Figure 4. amotl2a mutants phenocopy the morphant phenotype.
(A) Scheme showing the transcription activator-like effector nuclease (TALEN) target site in the amotl2a locus with the left and right TALEN-binding sites in red separated by the spacer including the restriction site used for screening (blue) (top).
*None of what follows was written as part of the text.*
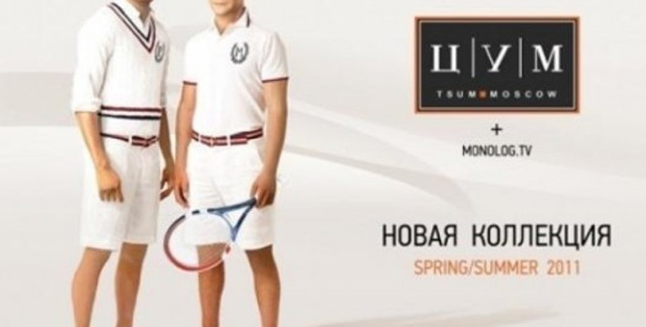 Довершает плакат надпись "Новая коллекция spring-summer 2011", фирменный знак Московского универмага ЦУМ и ссылка на сайт monolog.tv.
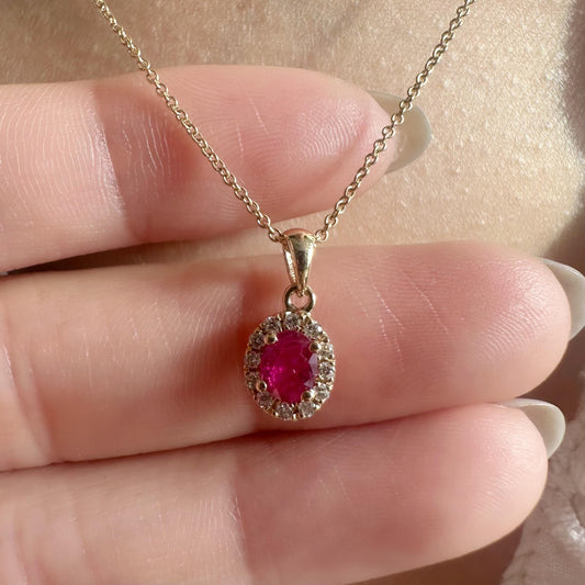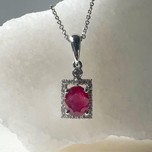 14K Solid Gold Genuine Oval Ruby and Diamond Square Pendant

Alignment of the two conserved amotl2a mutant alleles with the corresponding wild-type sequence showing the deleted nucleotides (bottom). (B) Scheme comparing the functional domains present in the wild-type Amotl2a protein (721aa long) and the putative truncated proteins (272aa +17 or +9 missense aa for allele fu45 and fu46, respectively). (C–F) 36 hpf cldnb:gfp wild-type sibling (C, D) or amotl2a−/− mutant embryo (E, F) imaged with fluorescent (C, E) or transmitted light (D, F). (G, H, J, K) MIP of Z-stacks of pLLP in cldnb:gfp embryos with the indicated genetic background. (I, L) Boxplots comparing the cell numbers between the indicated genetic backgrounds. (M, N) MZamotl2a−/− mutant embryo (N) showing an extra deposited neuromast as compared to a wild-type sibling embryo (M). (O) Boxplot showing the corresponding quantification (Figure 4—source data 1, 2; Figure 4—figure supplements 1, 2, Figure 4—source data 3, 4).
DOI: http://dx.doi.org/10.7554/eLife.08201.017
Figure 4—figure supplement 1. MZamotl2a−/− mutants exhibit reduced pLLP migration speed.
Figure 4—figure supplement 2. Deposited neuromasts or interneuromast chains do not contain more cells in amotl2a morphants or mutants.